• Exercise goal: Find the line containing "Há alguns anos" in the entries below. Restate it and each line after it, word for word, up to and including the line containing "Après 10 ans".

• Supplied information:
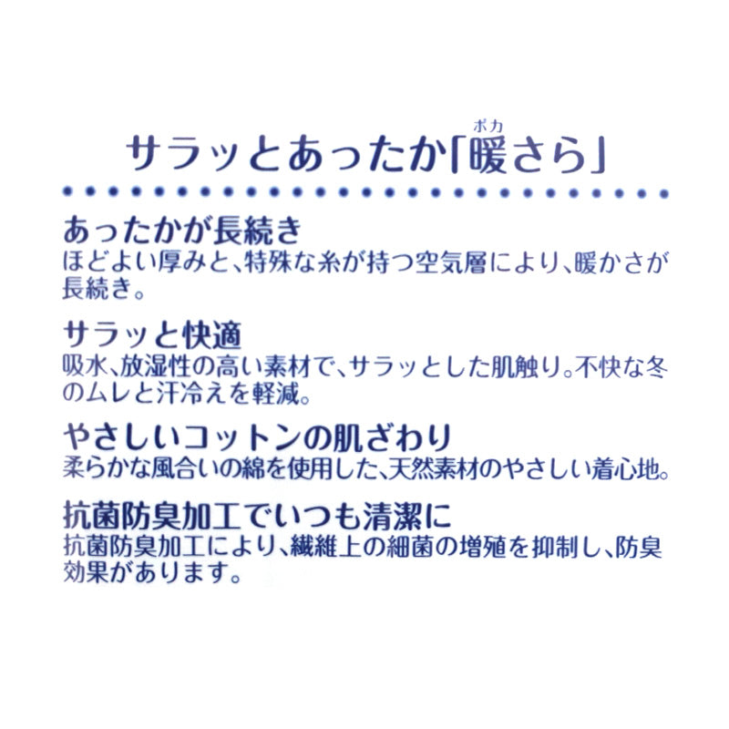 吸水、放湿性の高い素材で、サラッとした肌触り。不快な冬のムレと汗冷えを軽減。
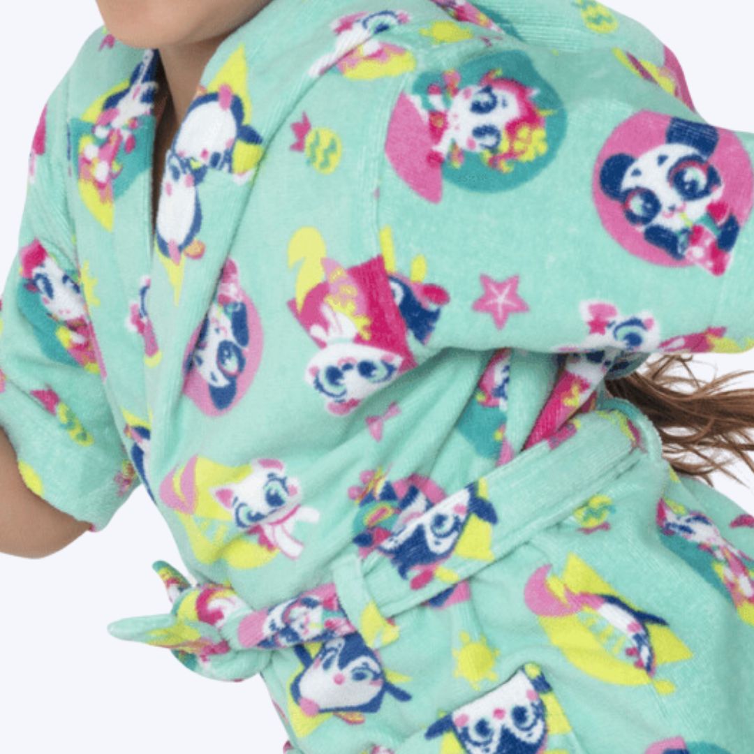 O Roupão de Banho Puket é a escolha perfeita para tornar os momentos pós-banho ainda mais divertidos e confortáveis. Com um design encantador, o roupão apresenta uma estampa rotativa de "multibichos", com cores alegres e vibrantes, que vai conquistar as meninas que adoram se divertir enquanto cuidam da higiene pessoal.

--

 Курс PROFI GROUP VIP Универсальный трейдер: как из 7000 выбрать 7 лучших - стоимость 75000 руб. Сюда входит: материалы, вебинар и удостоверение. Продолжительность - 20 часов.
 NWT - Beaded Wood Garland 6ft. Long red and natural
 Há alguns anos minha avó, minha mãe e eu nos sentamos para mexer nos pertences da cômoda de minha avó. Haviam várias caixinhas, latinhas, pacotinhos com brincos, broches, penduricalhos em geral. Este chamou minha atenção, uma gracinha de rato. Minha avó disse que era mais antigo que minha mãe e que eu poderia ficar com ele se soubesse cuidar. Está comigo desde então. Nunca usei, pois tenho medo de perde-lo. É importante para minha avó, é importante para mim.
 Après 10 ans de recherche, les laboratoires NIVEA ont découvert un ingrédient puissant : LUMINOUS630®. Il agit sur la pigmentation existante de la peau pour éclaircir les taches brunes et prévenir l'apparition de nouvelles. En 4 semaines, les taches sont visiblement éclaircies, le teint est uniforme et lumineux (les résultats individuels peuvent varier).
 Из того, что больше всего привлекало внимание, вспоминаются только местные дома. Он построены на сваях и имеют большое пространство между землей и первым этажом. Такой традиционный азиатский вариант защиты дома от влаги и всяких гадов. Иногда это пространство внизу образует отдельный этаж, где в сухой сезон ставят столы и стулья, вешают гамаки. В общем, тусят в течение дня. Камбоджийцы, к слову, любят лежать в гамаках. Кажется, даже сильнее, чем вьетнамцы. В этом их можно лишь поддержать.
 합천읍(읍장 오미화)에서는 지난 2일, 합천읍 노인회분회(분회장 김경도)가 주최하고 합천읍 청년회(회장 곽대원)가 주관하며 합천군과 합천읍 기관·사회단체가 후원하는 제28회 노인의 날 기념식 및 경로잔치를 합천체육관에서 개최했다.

• Reply to the task:
 Há alguns anos minha avó, minha mãe e eu nos sentamos para mexer nos pertences da cômoda de minha avó. Haviam várias caixinhas, latinhas, pacotinhos com brincos, broches, penduricalhos em geral. Este chamou minha atenção, uma gracinha de rato. Minha avó disse que era mais antigo que minha mãe e que eu poderia ficar com ele se soubesse cuidar. Está comigo desde então. Nunca usei, pois tenho medo de perde-lo. É importante para minha avó, é importante para mim.
 Après 10 ans de recherche, les laboratoires NIVEA ont découvert un ingrédient puissant : LUMINOUS630®. Il agit sur la pigmentation existante de la peau pour éclaircir les taches brunes et prévenir l'apparition de nouvelles. En 4 semaines, les taches sont visiblement éclaircies, le teint est uniforme et lumineux (les résultats individuels peuvent varier).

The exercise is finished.